OGH 1Nc20/04p

OGH1Nc20/04p11.2.2004

Der Oberste Gerichtshof hat durch den Vizepräsidenten des Obersten Gerichtshofs Dr. Schlosser als Vorsitzenden sowie durch die Hofräte des Obersten Gerichtshofs Dr. Gerstenecker und Univ. Doz. Dr. Bydlinski als weitere Richter in der Rechtssache der Antragsteller 1. H*****baugesellschaft mbH, ***** und 2. V***** GmbH & Co, ***** beide vertreten durch Dr. Josef Olischar und Mag. Martin Kratky, Rechtsanwälte in Wien, wider die Antragsgegnerin Republik Österreich, vertreten durch die Finanzprokuratur in Wien, wegen Amtshaftung (Streitwert EUR 45.149,55) den Beschluss

gefasst:

 

Spruch:

Der Antrag, anstelle des Landesgerichtes für Zivilrechtssachen Wien ein anderes Gericht gleicher Gattung als zur Verhandlung und Entscheidung über den "geltend gemachten, allenfalls ausgedehnten" Amtshaftungsanspruch zuständig zu bestimmen, wird zurückgewiesen.

Text

Begründung

Rechtliche Beurteilung

Gemäß § 9 Abs 1 AHG ist zur Entscheidung über die Klage des Geschädigten gegen den Rechtsträger in Amtshaftungssachen in erster Instanz das mit der Ausübung der Gerichtsbarkeit in bürgerlichen Rechtssachen betraute Landesgericht, in dessen Sprengel die Rechtsverletzung begangen wurde, ausschließlich zuständig.
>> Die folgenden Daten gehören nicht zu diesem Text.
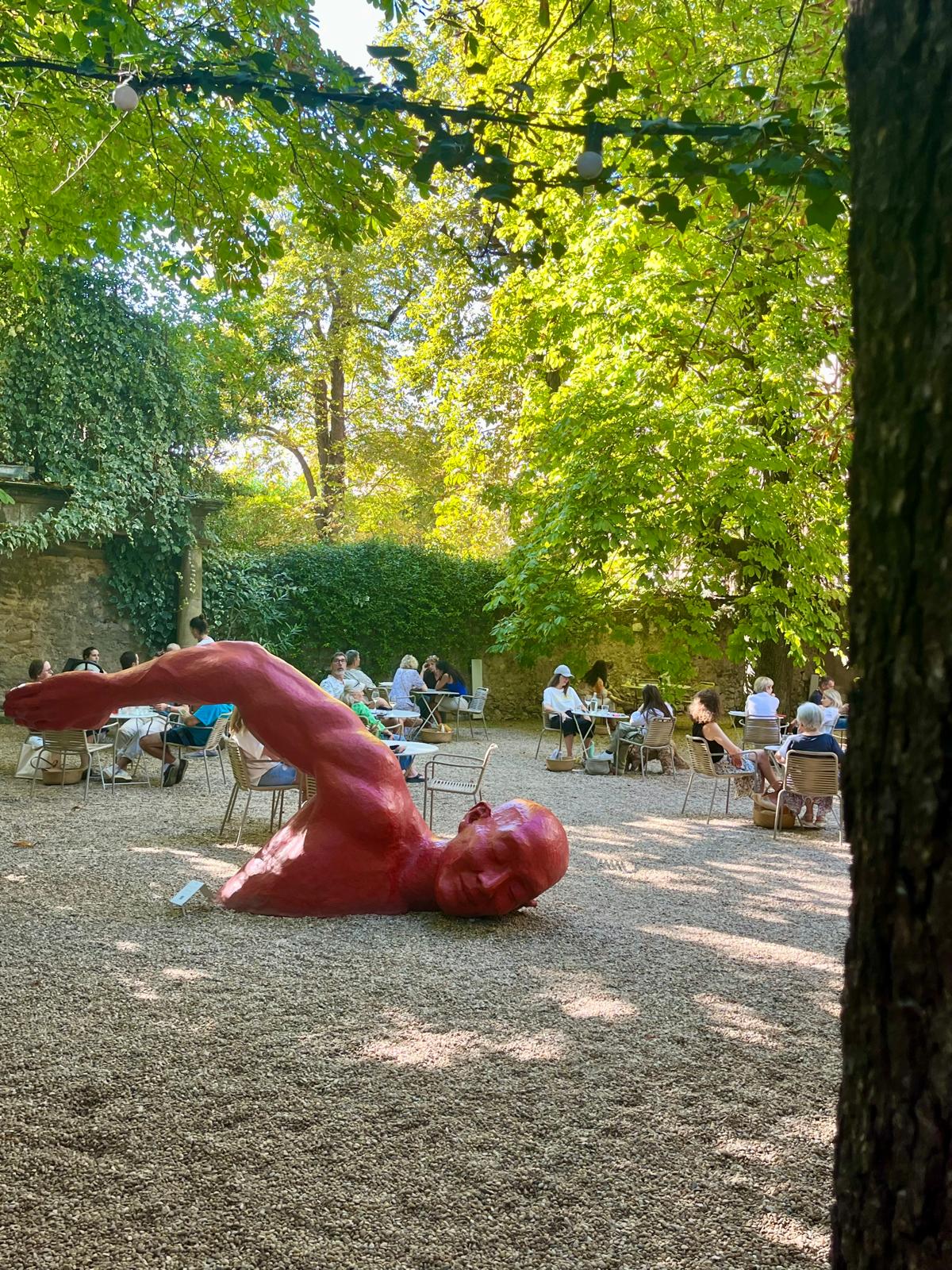 We balen wel over de slechte communicatie van de organisatie. Nergens op de sites te zien dat alles uitverkocht is. We wandelen door het park, en iedereen hier met een terras pikt een graantje mee van Cézanne-hype.

Nach § 9 Abs 4 AHG ist ein anderes Gericht gleicher Gattung zur Verhandlung und Entscheidung zu bestimmen, wenn der Ersatzanspruch aus einer Verfügung des Präsidenten eines Gerichtshofs erster Instanz oder eines Oberlandesgerichts oder aus einem kollegialen Beschluss eines dieser Gerichtshöfe abgeleitet wird, die nach den Bestimmungen dieses Bundesgesetzes unmittelbar oder im Instanzenzuge zuständig wären. Nach herrschender Auffassung stellt § 9 Abs 4 AHG nicht etwa den Fall einer Ordination durch den Obersten Gerichtshof oder eine vergleichbare Zuständigkeitsbestimmung durch das sonst übergeordnete Gericht dar, sondern regelt eine unter den im Gesetz genannten Voraussetzungen (notwendige) Delegierung (vgl dazu nur Schragel, AHG3 § 9 Rz 255). Voraussetzung für eine derartige Maßnahme ist nun stets, dass die Klage vorerst beim zuständigen Gericht anhängig gemacht wurde. Liegen nach dem Klagevorbringen die Voraussetzungen des § 9 Abs 4 AHG vor, hat das nach § 9 Abs 1 AHG angerufene Gericht von Amts wegen die Vorlage an das im Sinne des § 9 Abs 4 AHG übergeordnete Gericht zu veranlassen, wobei auch eine Antragstellung durch die Parteien nicht ausgeschlossen ist.

Im vorliegenden Fall wurde die Klage jedoch noch nicht eingebracht. Vielmehr legen die Antragsteller lediglich einen Klageentwurf vor. Da das Gesetz eine "vorweggenommene" Entscheidung nach § 9 Abs 4 AHG für den Fall einer späteren Klageeinbringung nicht vorsieht, erweist sich der Antrag als unzulässig.